START Source information

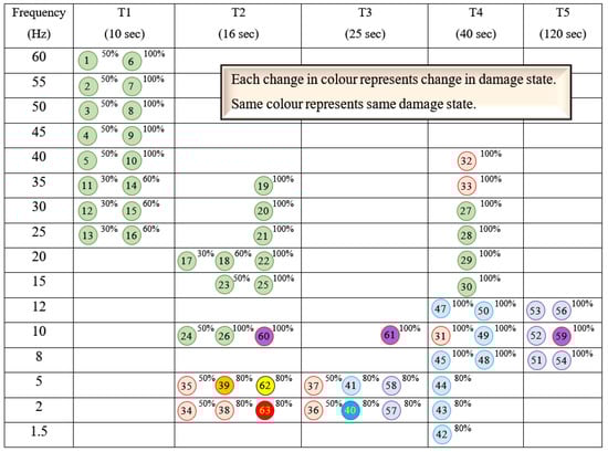| 32–38 | No cracks | No significant changes in the cracks. The frame was able to resist higher frequencies (i.e., 35 Hz and 40 Hz) and also low frequencies (i.e., 5 Hz and 2 Hz) with lesser (50%) amplitude. |
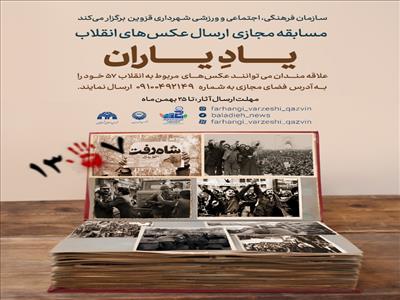 به مناسبت گرامیداشت چهل و دومین سالگرد پیروزی انقلاب اسلامی، مسابقه مجازی "یادِ یاران" توسط سازمان فرهنگی،اجتماعی و ورزشی شهرداری قزوین برگزار می شود.
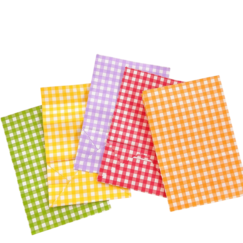 Kolorowe torby papierowe kraft z wzorem w kratkę to idealne rozwiązanie do stylowego i ekologicznego pakowania drobnych prezentów, słodyczy lub ciastków. Wykonane są z wytrzymałego, recyklingowalnego papieru, który jest odporny, przyjemny w dotyku i przyjazny dla środowiska. Dzięki wymiarom 23 x 15 x 8 cm oferują wystarczająco dużo miejsca na prezenty, przekąski i różne drobiazgi. Te torby to doskonały wybór na śluby, przyjęcia urodzinowe, festiwale, imprezy lub jako praktyczny organizer na mniejsze przedmioty.
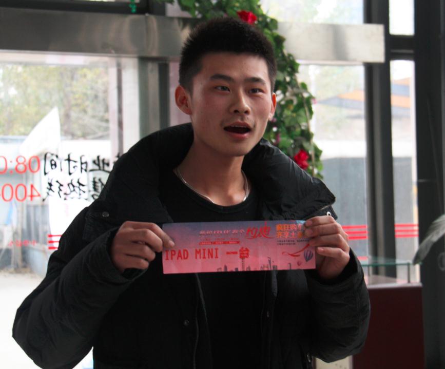 当然,中了Ipad Mini的小伙子也是一脸高兴,直招呼着家里人赶快来分享这份喜悦!
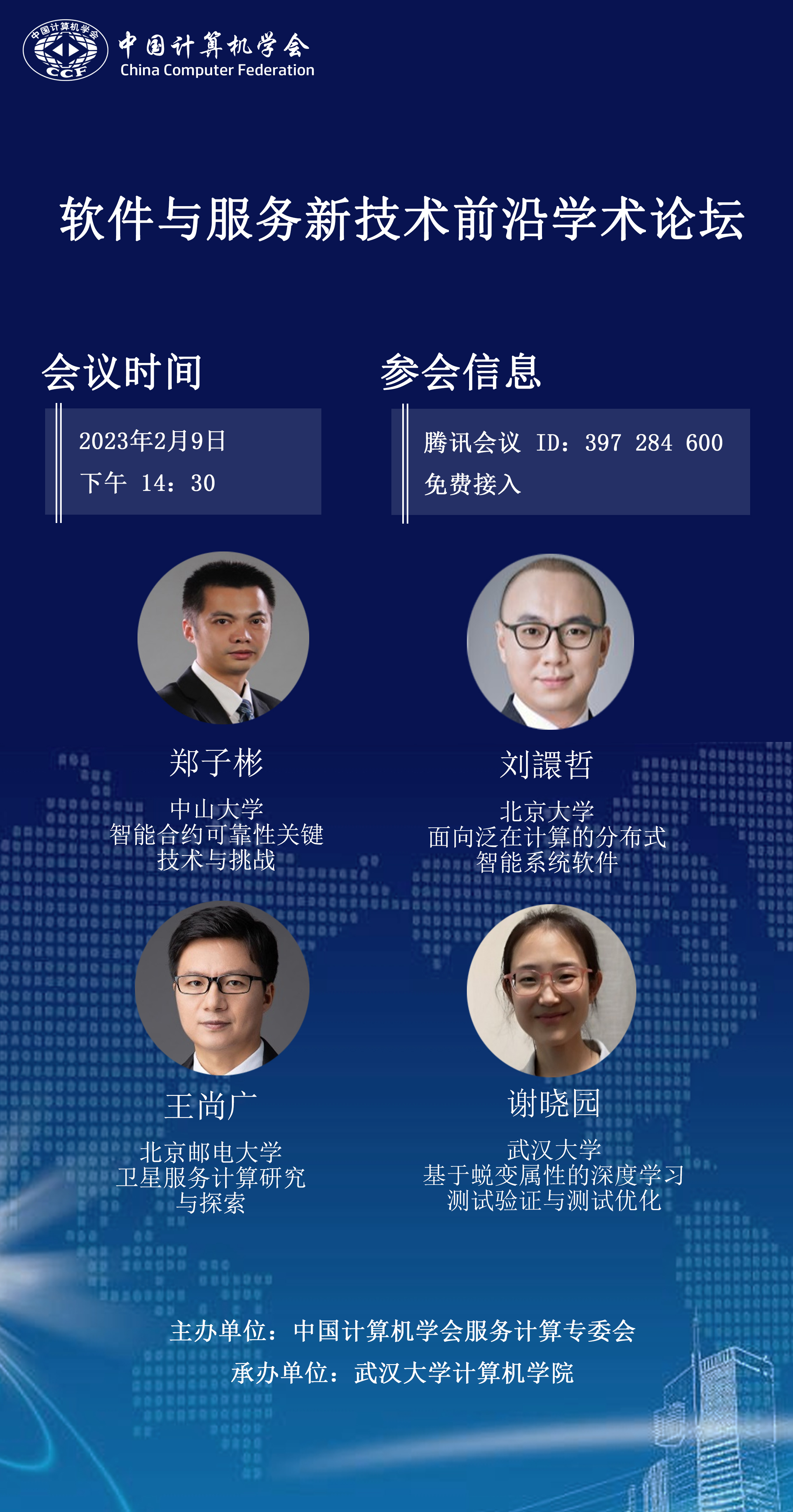 拟于2023年2月9日举办“软件与服务新技术前沿学术论坛”(线上),邀请服务计算与软件工程领域四位知名学者做主题报告,研讨新形势下服务计算与软件工程中面临的热点问题和未来方向。
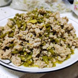 7.After the minced meat changes color, add the cowpeas and continue to stir-fry
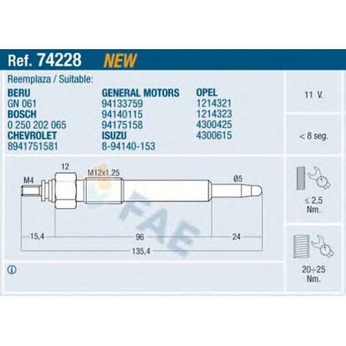 74228 FAE Свеча накаливания
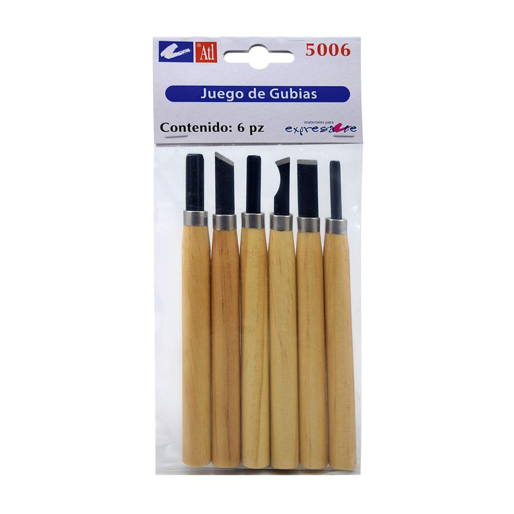 Gubias con puntas de diferentes formas, mango de madera. Especiales para grabar en linóleo y madera muy suave
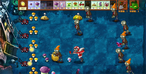 4、种植不同植物与僵尸敌人进行对抗,稳固防线守护后花园完成关卡。
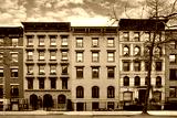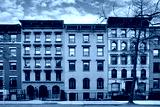 New York City old fashioned apartment buildings with ornate roof cornices

END Source information

### Your goal:
With no pictures included, write out the entries exactly.

### Expected answer:
| 32–38 | No cracks | No significant changes in the cracks. The frame was able to resist higher frequencies (i.e., 35 Hz and 40 Hz) and also low frequencies (i.e., 5 Hz and 2 Hz) with lesser (50%) amplitude. |
 به مناسبت گرامیداشت چهل و دومین سالگرد پیروزی انقلاب اسلامی، مسابقه مجازی "یادِ یاران" توسط سازمان فرهنگی،اجتماعی و ورزشی شهرداری قزوین برگزار می شود.
 Kolorowe torby papierowe kraft z wzorem w kratkę to idealne rozwiązanie do stylowego i ekologicznego pakowania drobnych prezentów, słodyczy lub ciastków. Wykonane są z wytrzymałego, recyklingowalnego papieru, który jest odporny, przyjemny w dotyku i przyjazny dla środowiska. Dzięki wymiarom 23 x 15 x 8 cm oferują wystarczająco dużo miejsca na prezenty, przekąski i różne drobiazgi. Te torby to doskonały wybór na śluby, przyjęcia urodzinowe, festiwale, imprezy lub jako praktyczny organizer na mniejsze przedmioty.
 当然,中了Ipad Mini的小伙子也是一脸高兴,直招呼着家里人赶快来分享这份喜悦!
 拟于2023年2月9日举办“软件与服务新技术前沿学术论坛”(线上),邀请服务计算与软件工程领域四位知名学者做主题报告,研讨新形势下服务计算与软件工程中面临的热点问题和未来方向。
 7.After the minced meat changes color, add the cowpeas and continue to stir-fry
 74228 FAE Свеча накаливания
 Gubias con puntas de diferentes formas, mango de madera. Especiales para grabar en linóleo y madera muy suave
 4、种植不同植物与僵尸敌人进行对抗,稳固防线守护后花园完成关卡。
 New York City old fashioned apartment buildings with ornate roof cornices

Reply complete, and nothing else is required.